Monday, September 24, 2007

Soda making Americans fat

Perhaps the biggest single dietary contributor to America's supersizing waistlines is soda pop. The sugary beverage is the only specific food clinically linked to weight gain and it makes up a staggering 10 percent of calories in the average diet.

The problem, doctors say, appears to be two fold. First the sheer number of calories in sweetened sodas is often not comprehended by consumers. A 64 oz. “Bladder Buster” Coke contains roughly 800 calories which is half the total number of calories an adult woman needs daily.

Second, most beverages appear to fool the body's natural appetite suppression mechanisms. The consumption of a 400 calorie burger triggers hormones which tells the brain it is no longer hungry while a similar consumption of soda does not appear to cause the same biological response, thus allowing the diner to continue eating and drinking longer before feeling full.

Soft drink companies under fire to come up with solutions to the sticky soda situation have several projects in various stages of development. Coke is researching a line of Atkins sodas made not with high fructose corn syrup but animal fat. “Nothing gives you that sated feeling like gnawing on the cartilage stub at the end of a pork loin,” said Aren Van Danburg, vice president of research and development at Coke, “so we're trying to introduce that sensation into our line of fizzy refreshments.”

Mr.
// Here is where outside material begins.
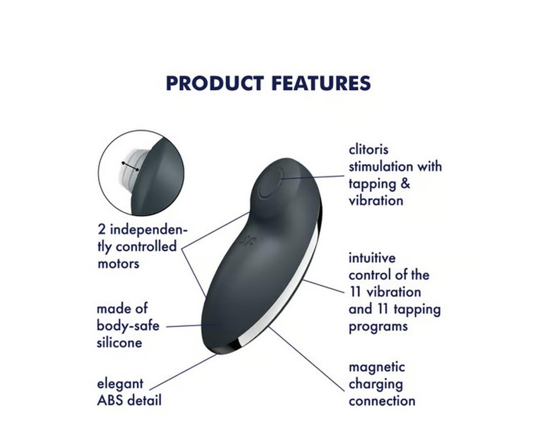 Satisfyer Tap & Climax 2 to nowoczesna technologia w służbie rozkoszy. Zabierz go ze sobą – jest kompaktowy, stylowy i gotowy do działania w dowolnym miejscu i czasie.

Van Danburg said the partnership with the Atkins line of high protein, high fat diet foods was essential to lend the new sodas the clout they will need in the already crowded diet market. “Bacon grease also appears promising at the moment, though the gristle keeps wreaking havoc on our filtration system.”

Not to be left behind in the alternative beverage race, competitor Pepsi has attempted a different tact. “Most beverages do evade the body's appetite suppression system,” explained Pepsi's head food scientist Carolyn Benshaw, “with one apparent exception: soup.” Citing research done at Purdue University's Department of Food and Nutrition, Ms Benshaw said soup appears to be the anomaly in liquid food research. “Pepsi is committed to the health of America's children which is why we're phasing in our new soup-flavored sodas as alternatives to traditional beverages in school cafeterias around the country.”

When confronted with options including Split Pea Pepsi, Cream of Mushroom flavored Mello-Yellow or Dr. Peppercorn 'n Clam Chowder, Detroit middle-schooler Wade Dewallen expressed some reservations saying, “That's sick! Pop that taste like soup?! Uh-uh, no way!” Mr. Dewallen, 12, appeared skeptical of the proposition that his current beverage choices were unhealthy. “You get fat from eatin' pork rinds 'n shit, not from Mountain Dew. Besides, what'm I supposed to drink? Water?! Gross!”